Blinken is set to visit Egypt and Israel on Monday. He also aims to ensure the war does not expand into Lebanon.
"We call upon the U.S. administration to put pressure on the occupation to stop the war on Gaza and the Hamas movement is ready to deal positively with any initiative that secures an end to the war," senior Hamas official Sami Abu Zuhri said.
In his eighth visit to the region since Hamas attacked Israel on Oct. 7, triggering the bloodiest episode in the decades-long Israeli-Palestinian conflict, Blinken is also set to travel to Jordan and Qatar this week.
He is set to meet with Egyptian President Abdel Fattah al-Sisi in Cairo before traveling to Israel later on Monday, where he will meet with Prime Minister Benjamin Netanyahu and Defence Minister Yoav Gallant, according to a State Department schedule.
On Monday, Palestinian residents said tanks had been trying to thrust deeper towards the north in the early hours of Monday, edging Shaboura, one of the most densely populated and Hamas stronghold neighborhoods at the heart of the city.
Israeli tank forces have since seized Gaza's entire border strip with Egypt running through Rafah to the Mediterranean coast and invaded many districts of the city of 280,000 residents, prompting around one million displaced people who had been sheltering in Rafah to flee elsewhere.

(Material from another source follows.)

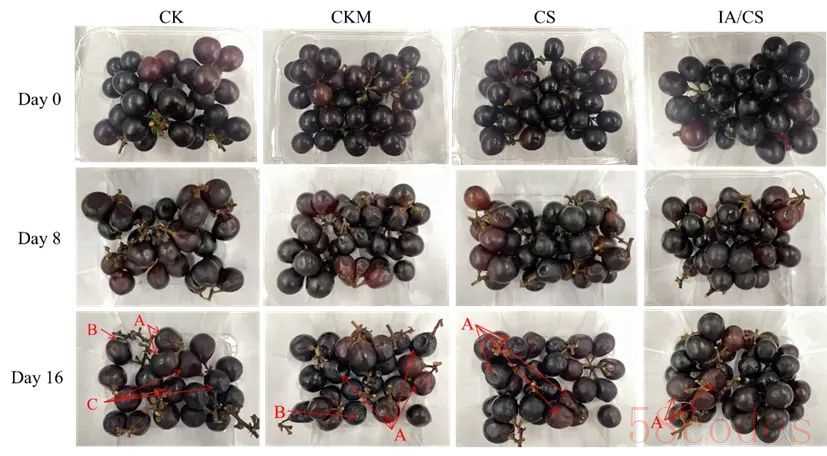 IA/壳聚糖纳米微胶囊对巨峰葡萄常温贮藏的保鲜效果 CK、CKM、CS、IA/CS 分别为清水对照组,空载壳聚糖纳米微胶囊处理组,高浓度壳聚糖溶液处理组、IA/壳聚糖纳米微胶囊处理组。A、B、C 箭头分别指示储存后葡萄果粒表面凹陷,果粒表面霉斑及腐败,果粒脱落。图片来源:参考文献

Blinken's visit comes after U.S. President Joe Biden on May 31 outlined a three-phase ceasefire proposal from Israel that envisions a permanent end to hostilities, the release of Israeli hostages and Palestinian prisoners, and the reconstruction of Gaza.
The Hamas attack killed 1,200 people and took some 250 others hostage, according to Israeli tallies. In response, Israel launched an assault on the Gaza Strip that has killed more than 37,000 Palestinians, the health ministry in the Hamas-run territory said in its Sunday update.